What you will do: In this data, count the lines in which "pouvoir" appears and give only that number.

[Start of Attachment]

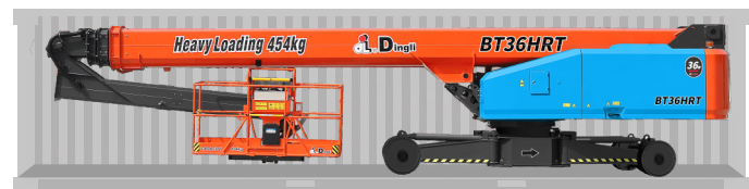
Перевозка в стандартном контейнере
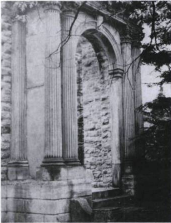
«L'Arc de triomphe» est l'une des fameuses ruines collectionnées par King. Cette pièce architecturale provient de la façade de la North American Bank d'Ottawa. King a fait construire ce monument pour célébrer son retour au pouvoir en 1935.

indélébile de sa personnalité complexe et romantique. Ses jardins, ses collections de ruines et les autres aménagements qu'il réalise témoignent encore aujourd'hui des ambitions et des passions de son architecte. À partir de 1943, il utilise surtout la Ferme, une vieille maison restaurée où il passe le plus clair de ses temps libres. C'est dans cette résidence que le vieux politicien malade et usé meurt en 1950, à peine deux ans après avoir transmis le pouvoir à son dauphin, Louis Saint-Laurent.
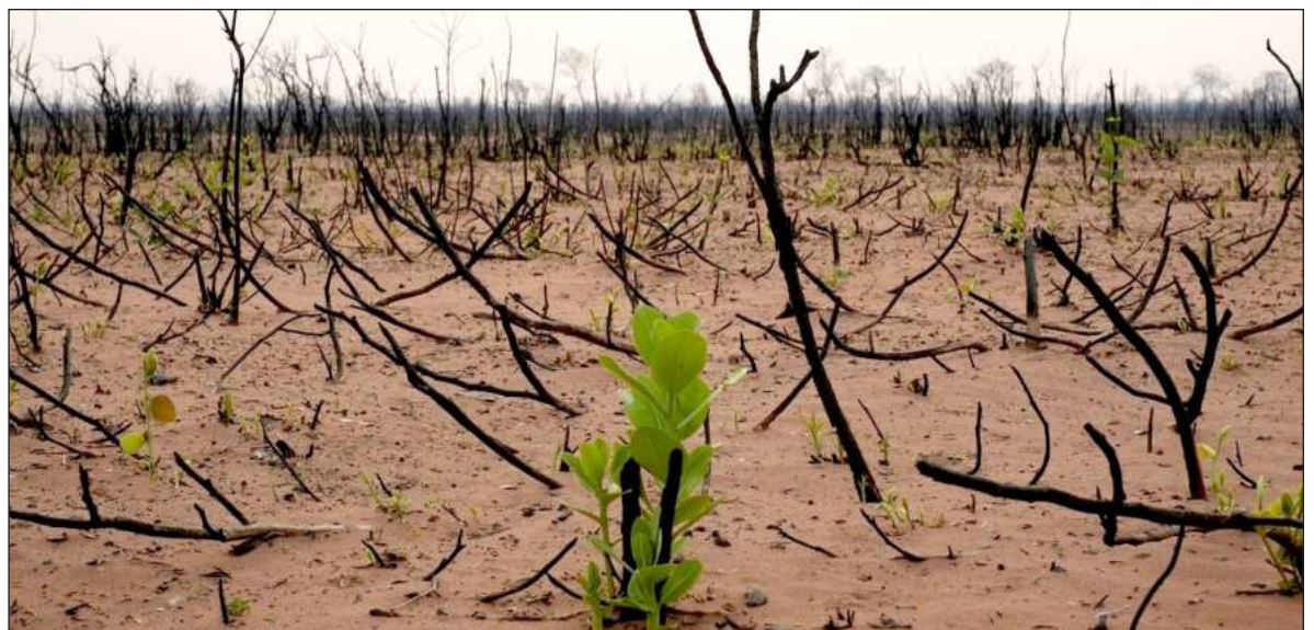
▲ "Hay muchas personas que siguen pensando que proteger y conservar la naturaleza atenta contra su interés, y que es legítimo su interés por acumular con que consideran riqueza sin considerar los efectos del deterioro".

Es verdad que hay algunas noticias alentadoras: nacen unos cuantos lobos, se reproducen unos pocos bisontes, se detiene al menos por el momento la explotación depredadora de los humedales de Mahahual, se suspende la construcción de infraestructura portuaria en Loreto, y se detiene la construcción de un gasoducto en el norte del país. No puedo sin embargo deshacerme de la sensación e que es poco, disperso y tardío. Al ver los mensajes, "memes", carteles y anuncios que han hecho diversas organizaciones para recordarnos la conmemoración de este día mundial del medio ambiente, me ha llamado la atención encontrarme con que, fuera de la ONU, nadie ha hecho eco del lema que este año nos propuso. Parece ser que, a ojos de quienes hoy dedican sus mejores esfuerzos a la protección de la naturaleza, la idea de "Nuestro poder. Nuestro planeta" no alcanza a generar entusiasmo alguno.

[End of Attachment]

Response area: 2